Day trading is unforgiving. Most traders make the same handful of mistakes repeatedly until either correcting them or running out of capital. This page covers the 10 most common — and how to actually fix each one.

1. Overtrading

Taking 20+ trades when you have 2-3 good setups. Each extra trade dilutes the edge. Fix: pre-defined max trades per day. Stop after that number, win or lose.

2. No daily loss limit

Trading through losses, sizing up to 'make it back.' Catastrophic. Fix: hard rule — stop at 2-3% account loss for the day. Walk away. Always.

3. Moving stops

Widening stops because the trade hasn't worked. This is how accounts blow up. Fix: set stop at entry, never move it further away. Accept the loss when stop hits.

4. Trading without a plan

Watching the screen and reacting. No edge possible this way. Fix: pre-defined setups. Take only trades that fit the criteria.

5. Overcommitment to ideas

Holding losing trades because 'I was right.' Markets don't care about your conviction.
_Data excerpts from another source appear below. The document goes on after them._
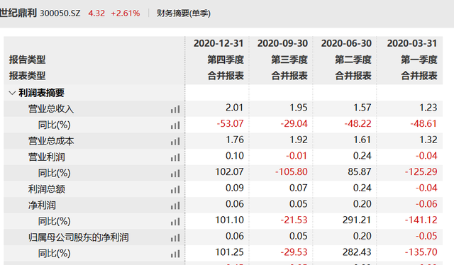 差错更正后,世纪鼎利2020年一季度、半年度和前三季度营业收入分别为1.23亿元、1.57亿元和1.95亿元,同比下降48.61%、48.22%和29.04%。
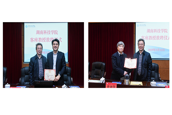 本网讯 3月12日下午,学校举行客座教授敦聘仪式,聘任湖南农业大学柏连阳教授和曾建国教授为我校客座教授,党委书记、校长曾宝成参加仪式并为两位教授颁发聘书。副校长宋宏福及化学与生物工程学院师生代表参加,仪式由宋宏福主持。敦聘仪式后,柏连阳、曾建国应邀分别以《现代农业建设的理论与实践》和《中药资源综合利用与博落回示范研究》为题为师生们作学术报告。
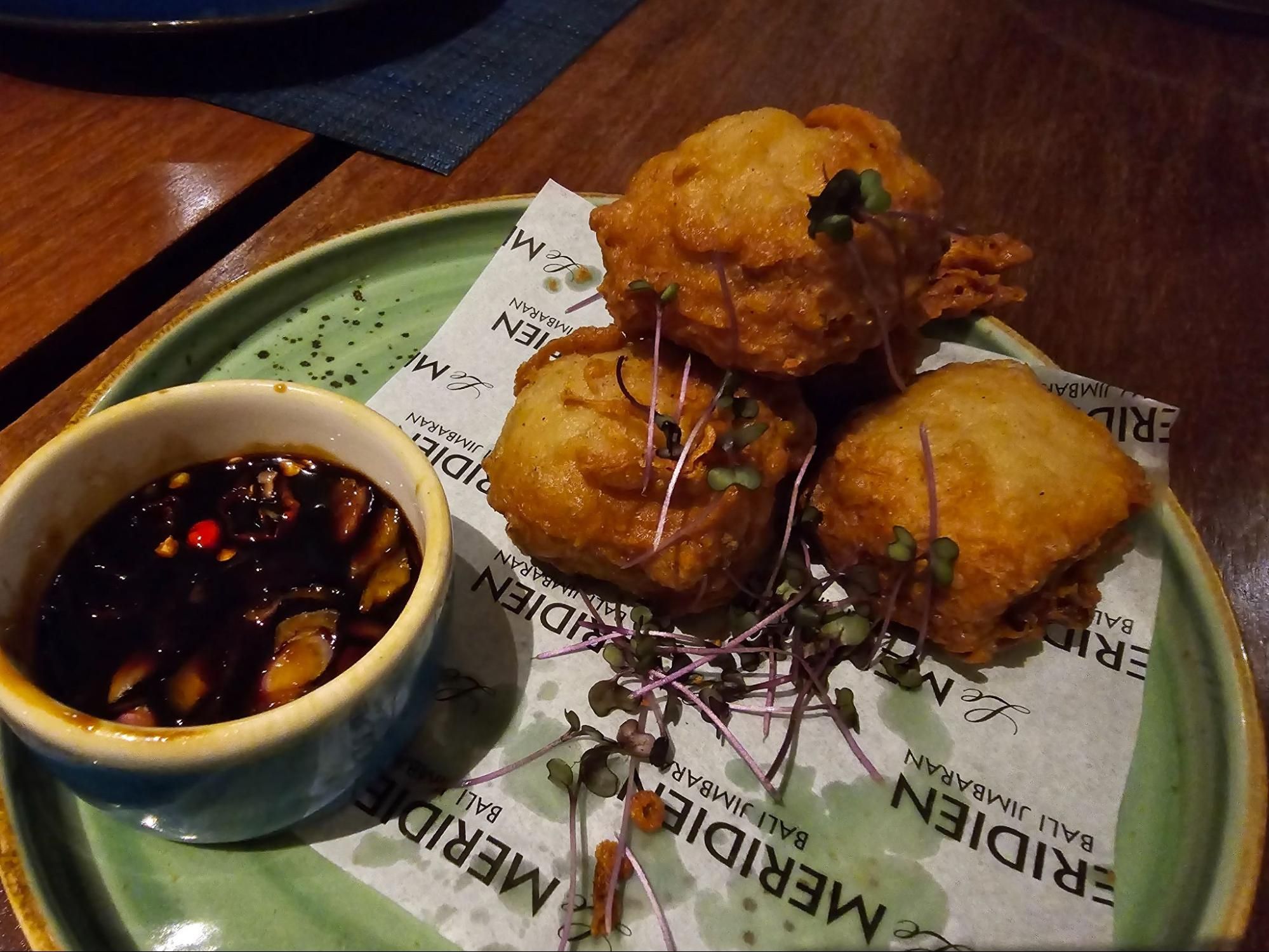 Bamboo Chic at Le Méridien Jimbaran Bali offers an innovative culinary journey filled with vibrant Asian and local Bali flavours. This all-day dining destination offers a delightful combination of delectable buffets and à la carte options, all set against the backdrop of an open kitchen. Their dinner options are pretty great; we had Pork Ribs, aromatic Thai Prawn Yellow Curry, and so on. We must say that the standard is good!

Fix: separate identity from positions. Cut losses fast.

6. Trading the wrong instrument

Trying to day-trade slow-moving ETFs or thinly-traded names. Wrong tool. Fix: trade liquid, volatile names with sufficient daily range to support the strategy.

7. Ignoring slippage

Strategies that look profitable in backtest fail live because of slippage. Fix: assume 1.5× the modeled slippage in real conditions. Strategies that don't survive that aren't real.

8. FOMO trading

Entering at the worst possible price after seeing the move. Fix: skip the trade. The next setup will come.

9. Revenge trading

Bigger sizes after losses. Maximum-damage path. Fix: after any losing day, no trading for 24 hours. Then resume at smaller size.

10. Not journaling

No record = no improvement. Fix: every trade logged with entry, exit, stop, reasoning, outcome. Reviewed weekly.